Gegenstand der Tarifermäßigung ist eine "Vergütung" für eine Tätigkeit; sie wird bei ArbN idR als Entlohnung bezeichnet. Es kommt nicht darauf an, ob die Entlohnung aufgrund eines Rechtsanspruchs oder freiwillig geleistet wird (BFH 103, 339 = BStBl 1971 II, 802; > R 34.4 Abs 2 EStR; anders nur bei Schenkung). Ebenso ist eine bewusste und gewollte Vorteilszuwendung für den Entlohnungsbegriff ohne Bedeutung (BFH 138, 456 = BStBl 1983 II, 642 zur verbilligten Grundstücksüberlassung an ArbN; > Grundstück). Die Vergütung muss nicht unbedingt in einem Betrag (BFH 103, 339 = BStBl 1971 II, 802), wohl aber zusammengeballt zufließen (> Rz 117).

 

Rz. 88

Stand: EL 133 – ET: 03/2023

Die Vergütung muss für eine mehrjährige Tätigkeit gewährt werden. Das ist eine Tätigkeit, wenn sie (wenigstens) in 2 Kalenderjahren (VZ) ausgeübt worden ist und sich über mehr als 12 Monate erstreckt (vgl § 34 Abs 2 Nr 4 HS 2 EStG).

 

Beispiel 11:

Der ArbG hat sich gegenüber dem ArbN in einem Vergleich verpflichtet, ihm für die Zeiträume vom 01.06.2020 bis 31.12.2020 und vom 01.01.2021 bis zum 28.02.2021 ausstehenden > Arbeitslohn nachzuzahlen.
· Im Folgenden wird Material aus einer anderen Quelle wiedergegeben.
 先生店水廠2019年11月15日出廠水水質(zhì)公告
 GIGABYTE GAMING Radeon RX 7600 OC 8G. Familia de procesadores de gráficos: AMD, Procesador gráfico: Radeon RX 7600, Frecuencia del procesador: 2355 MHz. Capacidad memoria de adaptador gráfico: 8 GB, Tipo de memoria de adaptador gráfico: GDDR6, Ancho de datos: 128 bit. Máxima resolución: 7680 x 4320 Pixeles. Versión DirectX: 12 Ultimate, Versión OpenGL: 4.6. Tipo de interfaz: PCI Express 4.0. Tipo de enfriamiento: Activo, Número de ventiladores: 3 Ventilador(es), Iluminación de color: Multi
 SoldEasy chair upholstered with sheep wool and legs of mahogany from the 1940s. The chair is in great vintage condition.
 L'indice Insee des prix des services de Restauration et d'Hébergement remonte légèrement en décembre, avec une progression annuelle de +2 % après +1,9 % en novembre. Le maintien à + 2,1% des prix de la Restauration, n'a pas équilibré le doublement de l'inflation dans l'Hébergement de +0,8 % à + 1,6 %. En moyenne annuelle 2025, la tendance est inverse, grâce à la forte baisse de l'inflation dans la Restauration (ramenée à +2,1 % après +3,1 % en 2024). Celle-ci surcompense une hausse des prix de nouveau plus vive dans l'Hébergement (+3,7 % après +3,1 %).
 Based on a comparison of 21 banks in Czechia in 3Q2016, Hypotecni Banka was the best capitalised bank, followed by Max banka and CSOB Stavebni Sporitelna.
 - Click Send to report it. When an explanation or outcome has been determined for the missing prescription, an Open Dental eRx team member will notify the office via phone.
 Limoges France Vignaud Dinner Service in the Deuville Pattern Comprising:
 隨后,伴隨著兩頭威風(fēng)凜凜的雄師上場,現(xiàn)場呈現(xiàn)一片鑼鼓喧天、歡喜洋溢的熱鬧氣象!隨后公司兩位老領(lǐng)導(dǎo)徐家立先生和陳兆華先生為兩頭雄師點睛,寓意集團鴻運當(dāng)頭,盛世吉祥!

Der nachzuzahlende Betrag wird im Jahr 2022 ausgezahlt. Er unterliegt – bei Fortdauer des Dienstverhältnisses – als sonstiger Bezug ohne Tarifermäßigung dem LSt-Abzug. Der Betrag wird zwar für eine in zwei Kalenderjahren ausgeübte Tätigkeit gezahlt, die sich aber nur vom 01.06.2020 bis zum 28.02.2021 und damit nicht über mehr als 12 Monate erstreckte; es ist keine mehrjährige Tätigkeit iSv § 34 Abs 2 Nr 4 EStG gegeben. Anders wäre es zB, wenn für 2021 Arbeitslohn von Januar bis einschließlich Juni ausstehen und nachgezahlt würde.